Amtrak is paying out $2.25 million to more than 1,500 passengers with disabilities over inadequate access to 78 train stations, Axios is reporting.
The money was part of a settlement between the Department of Justice (DOJ) and Amtrak over Americans With Disabilities Act (ADA) violations. People with disabilities encountered "significant accessibility issues" at the 78 stations, according to the settlement.
The settlement, which was reached on Dec. 2, 2020, says "Amtrak commits to make its intercity rail stations accessible, prioritizing stations with the most significant barriers to access. Over 10 years, Amtrak will design at least 135 stations to be accessible, complete construction at 90 of those stations, and have at least 45 more under construction.

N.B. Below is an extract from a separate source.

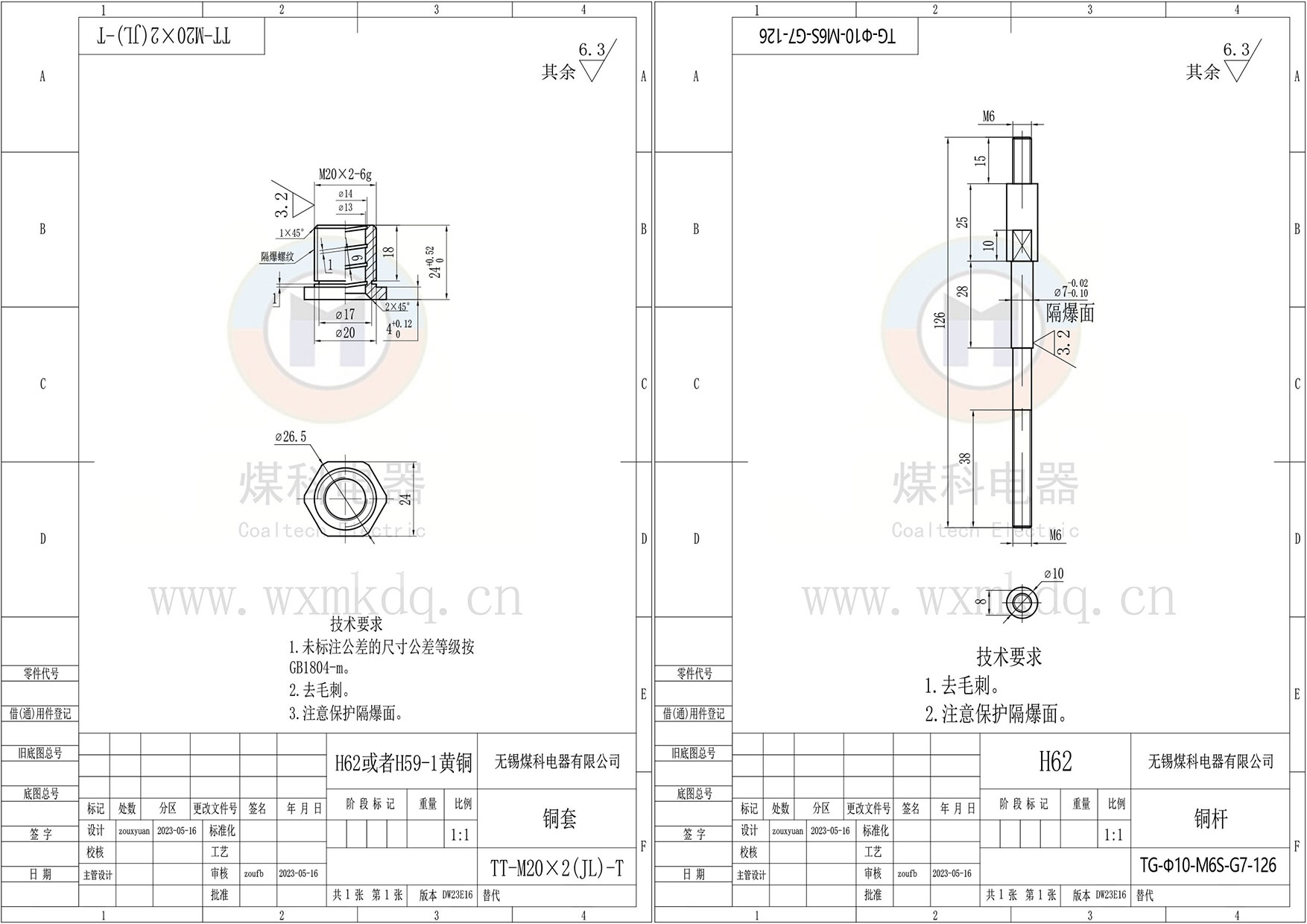 ◆ 安裝尺寸:M20x2 隔爆螺紋;
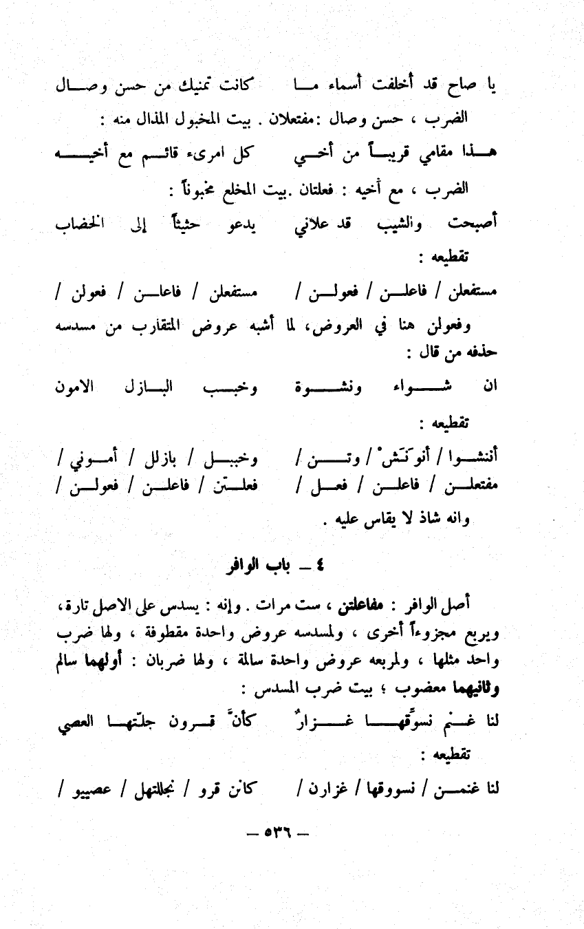 أصل الرجز مستفعلن ستا، وهو في الاستعمال يسدس تارة على الأصل ويربع مجزوا أخرى ويثلث مشطورا ثالثة على غير قول الخليل كان الشعر عند الخليل هو ما له مصراعان وعروض وضرب، ولعل الحق في يده لما في العرف من إجراء لفظ البيت على الشعر وامتناع إجرائه على المصراع ويثنى منهوكا رابعه على قول الخليل ومن تابعه دون الأخفش ويوحد مشطور منهوك على قول الزجاج وحده ولمسدسه عروض واحدة سالمة، وضربان سالم ومقطوع ولمربعه عروض وضروب سالمان وعروض مشطورة سالمة وهي ضربه، وعروض مثناه كذلك، بيت الضرب الأول من مسدسه:

"Amtrak will also train staff on ADA requirements and implement an agreed-upon process for accepting and handling ADA complaints. As part of this commitment, Amtrak recently established an Office of the Vice President of Stations, Properties & Accessibility to coordinate its compliance with the ADA.
"To compensate those harmed by inaccessible stations while trying to travel by train, Amtrak will establish a $2.25 million settlement fund. Individuals with mobility impairments who traveled or desired to travel at 78 specified stations with significant accessibility issues may be compensated from the settlement fund."
The New York Times reported that the DOJ lawsuit against Amtrak noted that those with disabilities faced the barriers across the rail system, including narrow waiting areas, steep inclines for passenger platforms, and toilets that were not adjustable for those in wheelchairs.
Marc Magliari, an Amtrak spokesman, said the railroad had "made significant progress in bringing numerous facilities into higher levels of accessibility."
He noted that it had budgeted more than $143 million for accessibility improvements at stations for 2022.